Action item:
Nothing but the lines below from the one that contains "La titular de" through the one that contains "武清区河西务镇包楼村新一轮村级组织活动场所改造提升工程中标结果公示" should be retyped, exactly and including both ends. Do not include pictures.
(Beginning of Provided entries)
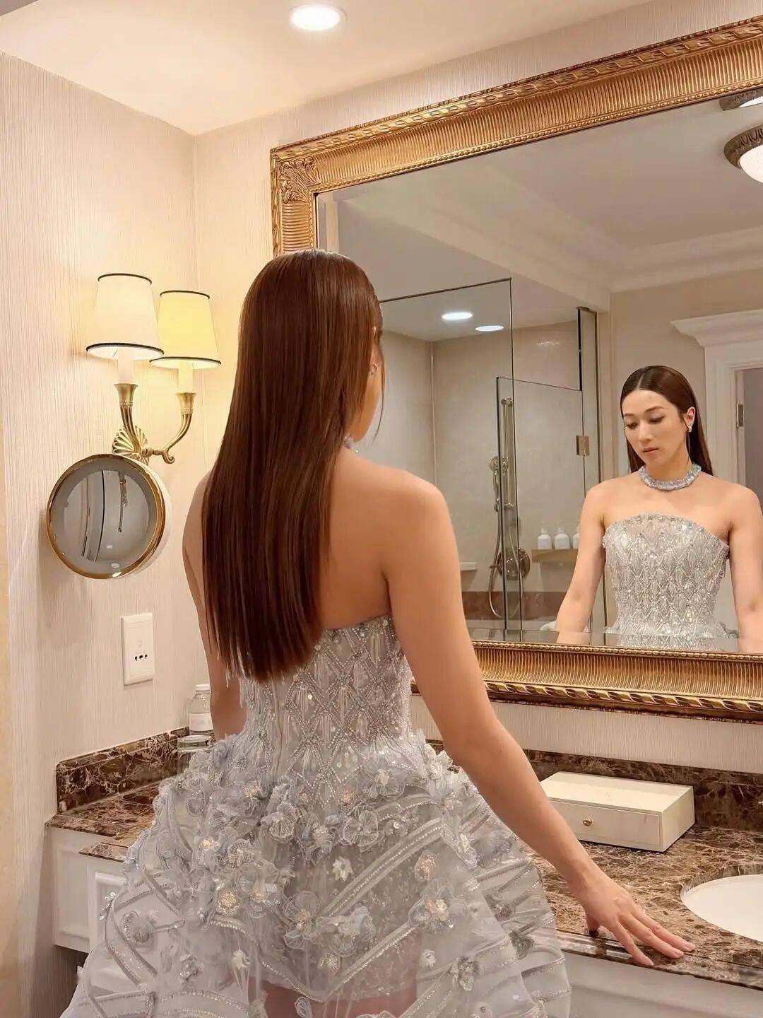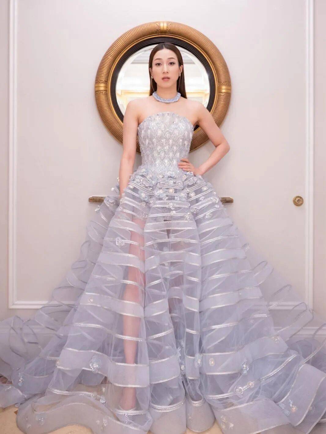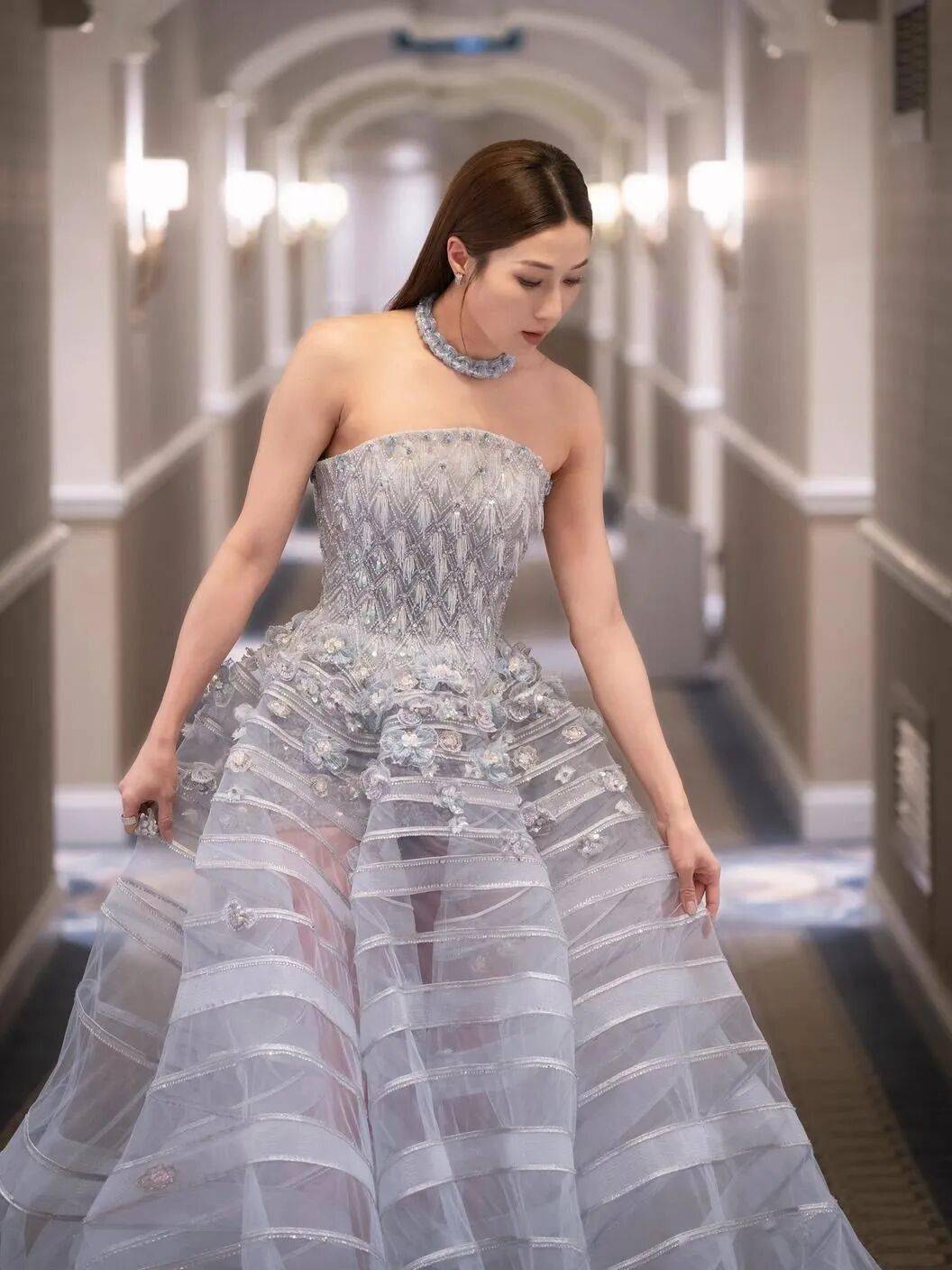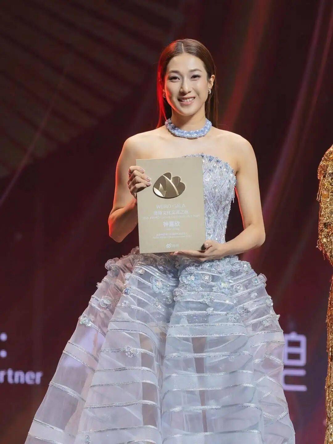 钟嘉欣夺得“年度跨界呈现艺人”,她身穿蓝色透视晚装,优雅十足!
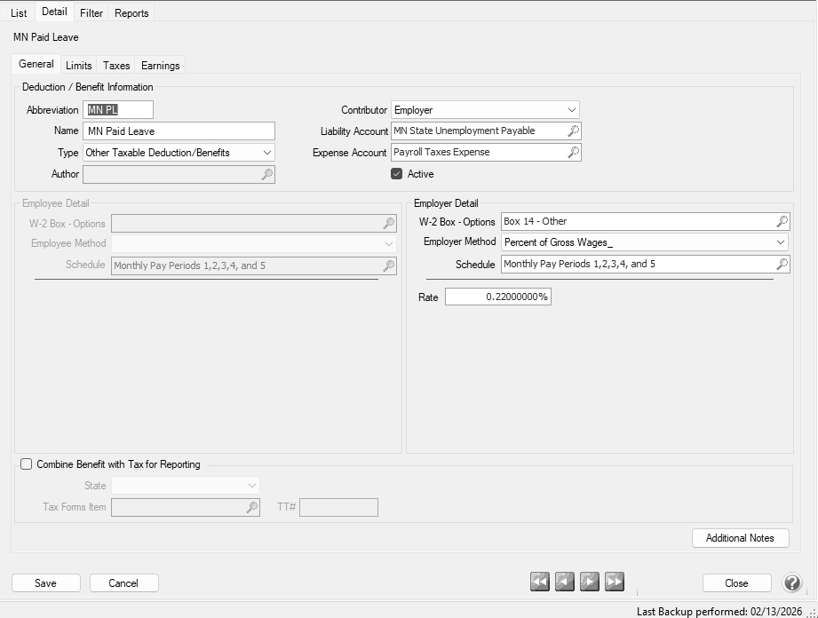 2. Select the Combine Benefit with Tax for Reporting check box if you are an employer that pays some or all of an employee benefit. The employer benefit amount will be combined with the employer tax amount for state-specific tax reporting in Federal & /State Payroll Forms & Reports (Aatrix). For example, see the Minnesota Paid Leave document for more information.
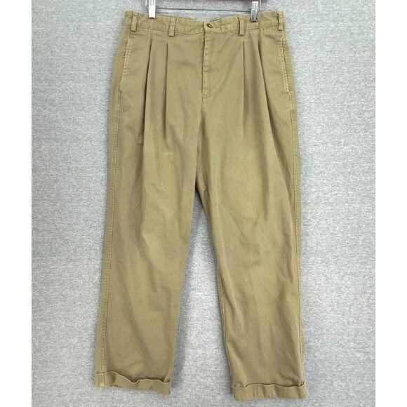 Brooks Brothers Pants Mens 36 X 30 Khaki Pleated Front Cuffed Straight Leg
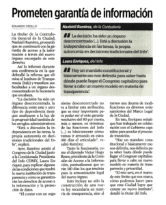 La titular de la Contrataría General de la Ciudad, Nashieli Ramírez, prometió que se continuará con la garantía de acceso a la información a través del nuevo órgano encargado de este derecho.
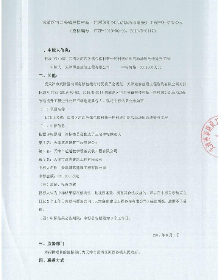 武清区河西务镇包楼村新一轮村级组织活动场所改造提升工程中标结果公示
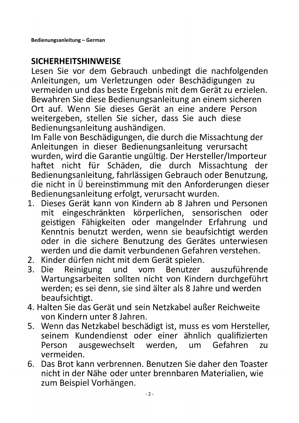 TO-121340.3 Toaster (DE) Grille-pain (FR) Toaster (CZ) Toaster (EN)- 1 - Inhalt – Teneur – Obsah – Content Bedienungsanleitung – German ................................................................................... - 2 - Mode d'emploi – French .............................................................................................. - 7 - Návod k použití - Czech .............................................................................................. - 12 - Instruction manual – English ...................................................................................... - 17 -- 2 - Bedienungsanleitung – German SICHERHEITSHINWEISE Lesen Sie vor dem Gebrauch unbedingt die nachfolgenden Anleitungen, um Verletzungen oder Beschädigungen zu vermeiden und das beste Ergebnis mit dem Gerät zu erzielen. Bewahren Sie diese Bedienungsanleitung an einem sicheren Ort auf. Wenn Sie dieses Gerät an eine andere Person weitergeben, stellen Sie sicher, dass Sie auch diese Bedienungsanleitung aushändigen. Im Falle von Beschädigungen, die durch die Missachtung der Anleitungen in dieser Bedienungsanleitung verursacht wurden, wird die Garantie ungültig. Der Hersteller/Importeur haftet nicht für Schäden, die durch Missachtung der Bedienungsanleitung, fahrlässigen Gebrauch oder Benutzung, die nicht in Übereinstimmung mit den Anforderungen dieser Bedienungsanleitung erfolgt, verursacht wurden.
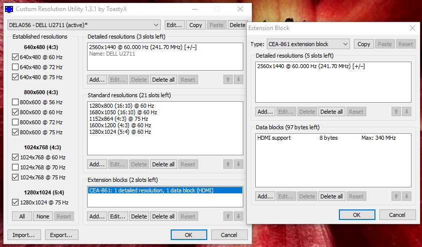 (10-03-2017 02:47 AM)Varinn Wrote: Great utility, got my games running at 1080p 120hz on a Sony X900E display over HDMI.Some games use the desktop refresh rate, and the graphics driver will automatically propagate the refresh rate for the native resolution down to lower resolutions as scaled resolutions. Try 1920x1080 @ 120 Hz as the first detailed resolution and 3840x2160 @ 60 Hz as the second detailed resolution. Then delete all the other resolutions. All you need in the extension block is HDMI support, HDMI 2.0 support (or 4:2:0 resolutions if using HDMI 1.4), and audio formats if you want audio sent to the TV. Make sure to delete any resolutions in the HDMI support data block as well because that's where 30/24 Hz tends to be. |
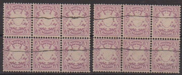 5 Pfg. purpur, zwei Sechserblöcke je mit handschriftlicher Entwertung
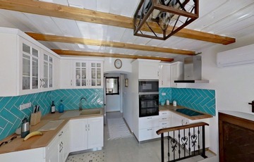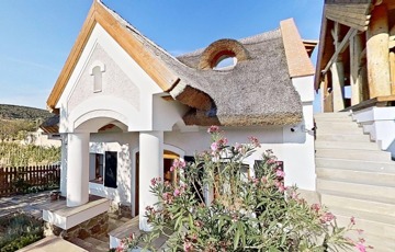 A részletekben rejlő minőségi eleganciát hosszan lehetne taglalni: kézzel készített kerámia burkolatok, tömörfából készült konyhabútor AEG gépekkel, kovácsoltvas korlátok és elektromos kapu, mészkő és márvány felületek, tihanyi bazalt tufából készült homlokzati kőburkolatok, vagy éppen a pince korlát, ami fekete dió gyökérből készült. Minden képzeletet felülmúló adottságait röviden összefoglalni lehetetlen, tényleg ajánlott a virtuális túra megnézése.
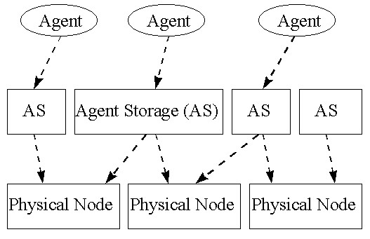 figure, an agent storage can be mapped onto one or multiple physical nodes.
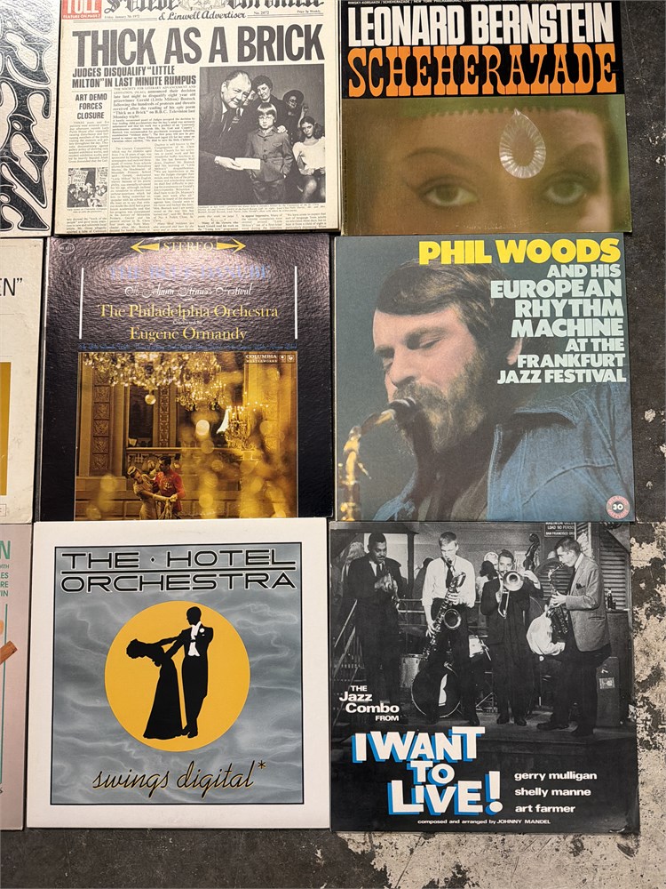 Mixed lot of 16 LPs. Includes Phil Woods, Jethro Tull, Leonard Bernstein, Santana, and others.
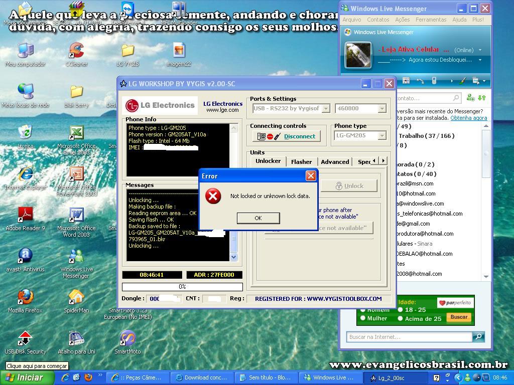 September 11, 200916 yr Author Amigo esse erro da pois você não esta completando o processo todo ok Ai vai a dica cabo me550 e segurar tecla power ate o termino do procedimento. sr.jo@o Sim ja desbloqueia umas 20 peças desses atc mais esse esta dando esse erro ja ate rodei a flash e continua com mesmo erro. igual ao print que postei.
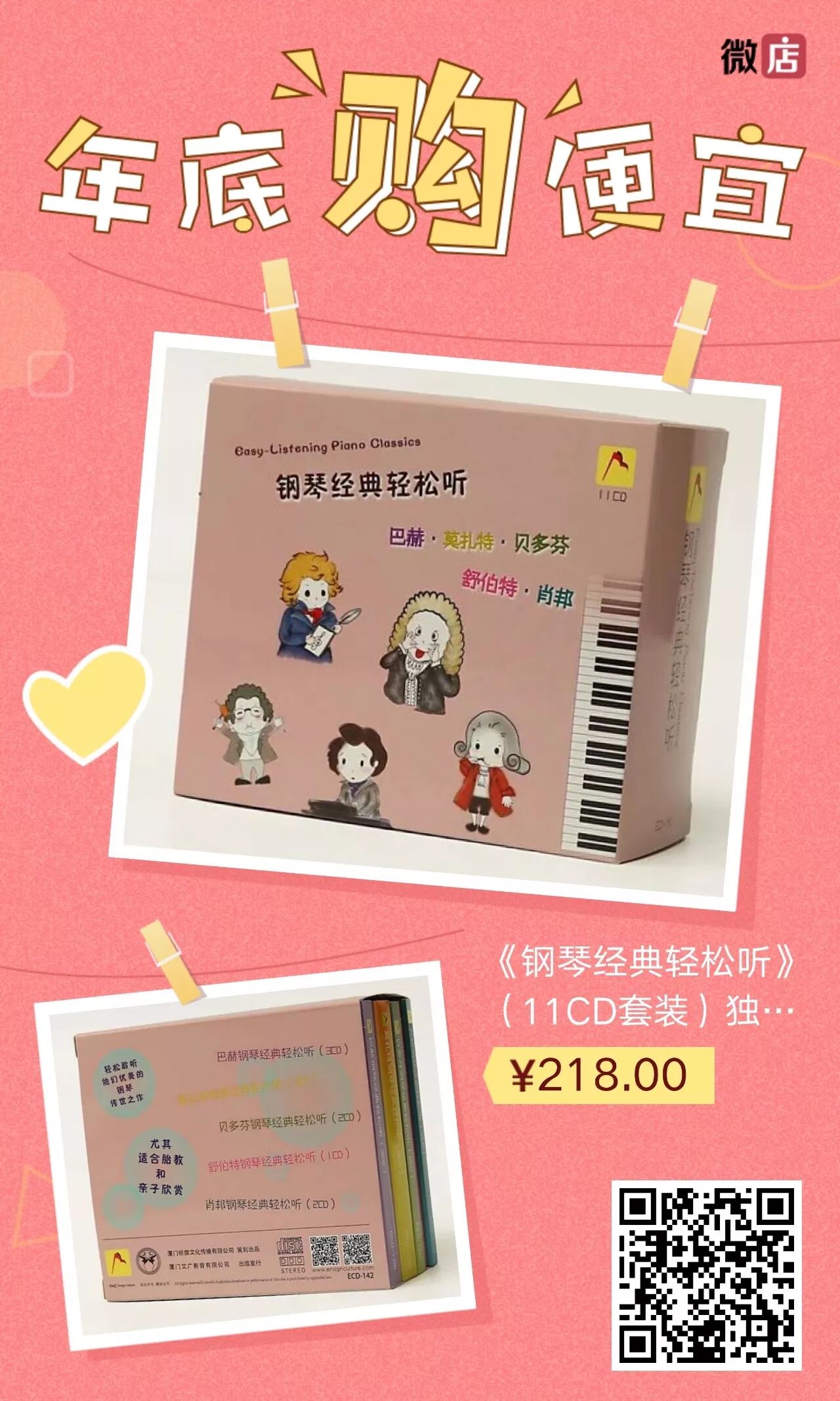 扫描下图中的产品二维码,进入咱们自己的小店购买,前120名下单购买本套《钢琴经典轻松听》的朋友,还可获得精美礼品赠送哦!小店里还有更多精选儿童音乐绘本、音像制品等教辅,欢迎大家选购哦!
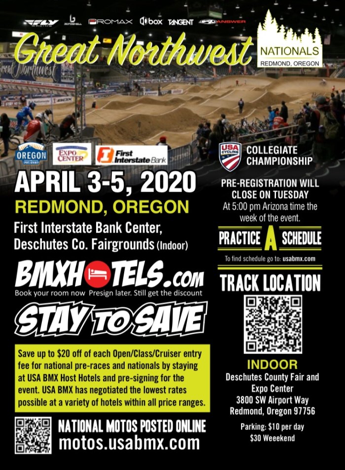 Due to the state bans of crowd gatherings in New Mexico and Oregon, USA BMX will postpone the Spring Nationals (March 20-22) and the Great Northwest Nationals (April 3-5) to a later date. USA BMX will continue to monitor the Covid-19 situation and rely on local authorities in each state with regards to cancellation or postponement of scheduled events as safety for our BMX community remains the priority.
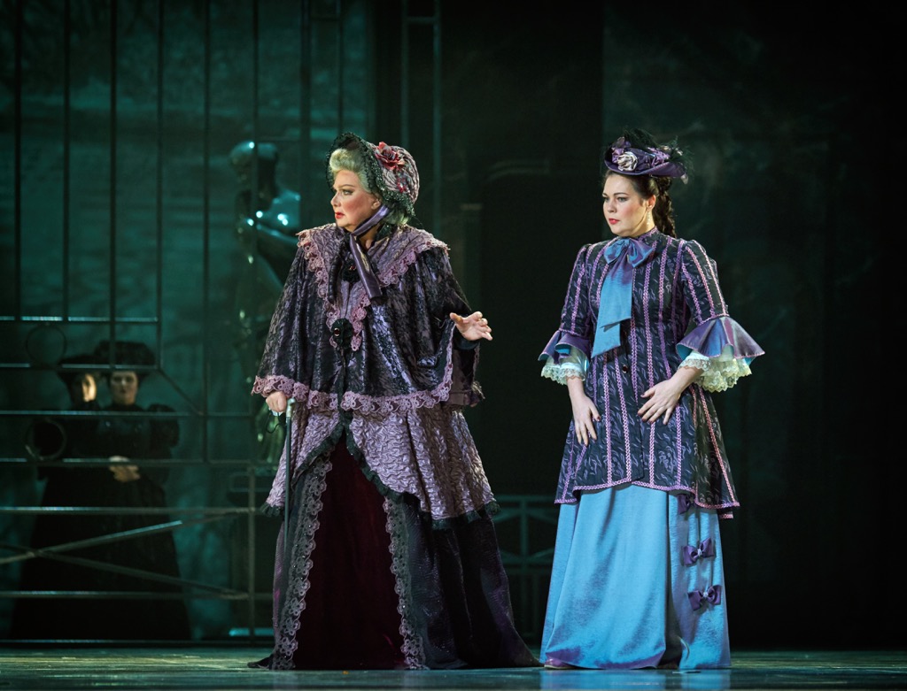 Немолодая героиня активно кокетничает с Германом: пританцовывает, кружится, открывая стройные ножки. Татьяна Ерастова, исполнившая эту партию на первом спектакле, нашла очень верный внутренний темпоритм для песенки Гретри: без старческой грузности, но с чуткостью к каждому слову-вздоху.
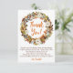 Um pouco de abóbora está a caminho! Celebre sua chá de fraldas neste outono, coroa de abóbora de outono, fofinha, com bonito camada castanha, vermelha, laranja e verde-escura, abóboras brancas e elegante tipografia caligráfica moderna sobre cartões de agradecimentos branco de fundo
(End of Provided entries)
Exercise response:
 La titular de la Contrataría General de la Ciudad, Nashieli Ramírez, prometió que se continuará con la garantía de acceso a la información a través del nuevo órgano encargado de este derecho.
 武清区河西务镇包楼村新一轮村级组织活动场所改造提升工程中标结果公示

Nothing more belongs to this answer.